Freshman forward Isaiah Livers returned to the starting lineup after suffering an ankle injury early in last week’s loss at Northwestern and sitting out Sunday’s game at Wisconsin.
Livers wore a small brace on his left ankle and finished with three points on 1-for-3 shooting, two rebounds, an assist and a block in 21 minutes.
Beilein said he didn’t think Iowa’s zone was a great matchup for Livers offensively but noted he was able to do enough defensively, particularly on Iowa forward Tyler Cook, to prevent fifth-year senior forward Duncan Robinson from getting worn out.
“We learned that with some of our players when Zak Irvin was guarding (Purdue’s) Caleb Swanigan, it was hard to think he could make shots down the stretch,” Beilein said. “I don’t know how many minutes he had, but it gave Duncan time to rest and go over and play the three man so he’s not in a wrestling match the whole time with Cook. That’s just key to have that and that stat doesn’t come up.”
Beilein said with a day off on Thursday, he expects Livers to be “100 percent going forward.”

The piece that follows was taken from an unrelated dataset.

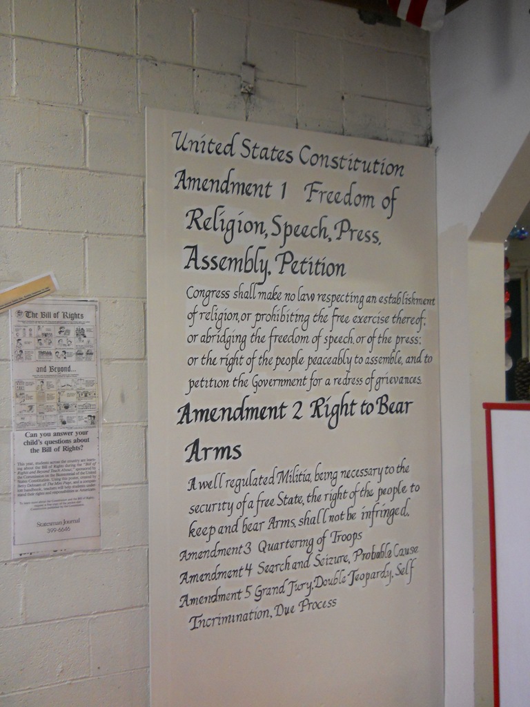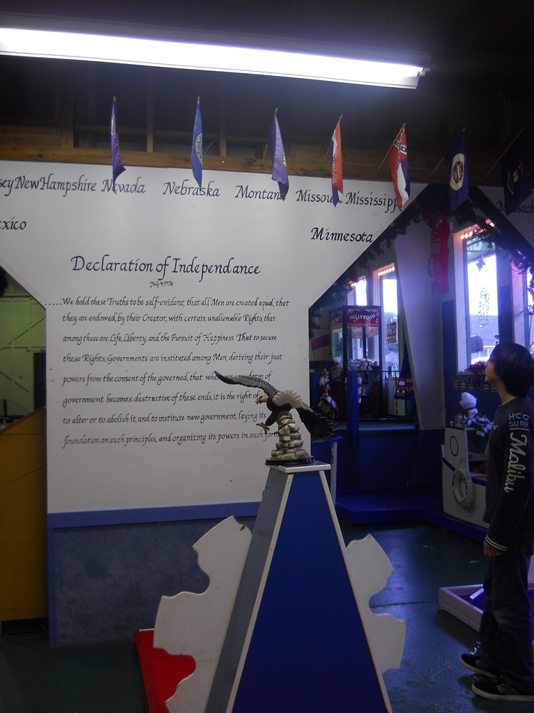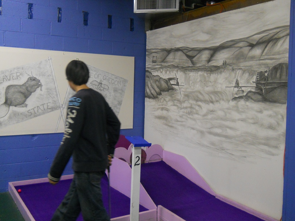 All-American Put-n-Bat Lincoln City Oregon I was expecting something tiny, cramped, old, dark etc.  I have seen a couple of pictures from a blurry cell phone of a birthday party. I had no idea how nice it would be. First of all – it is a homeschooler’s dream of a place. American History all over the place – they have spent their time in the details of maintaining the extremely well kept 17 holes, and have spent their creativity on the walls

Michigan became just the third team this season to hold Iowa to under 60 points, joining Virginia Tech (55 points on Nov. 28) and Penn State (58 points on Feb. 3).
Entering Wednesday’s matchup, the Hawkeyes had scored at least 84 points in four of their previous six games.
“We practiced a lot on a lot of the curl actions they had, which they got us on a couple times in the second half,” Simmons said. “We just locked in on defense. We knew not to take them lightly because they average like 80 points a game. We were ready.”
…Michigan recorded its 10th Big Ten win for the third straight season and reached double-digit conference victories for the sixth time in seven seasons.
With games remaining against Ohio State, at Penn State and at Maryland, the Wolverines still have a chance to reach 13 conference wins in a season for the first time since 2013-14.
“It’s such a tough conference. It’s hard to do and just winning on the road is what you’re proudest of, that we can get those three road wins in the league,” Beilein said. “We got two more opportunities to get another one and if you could ever be close to .500 in the league and then protect like we did today, you could have a heck of a year.”
…All of Michigan’s players wore pink Jordans against Iowa for breast cancer awareness.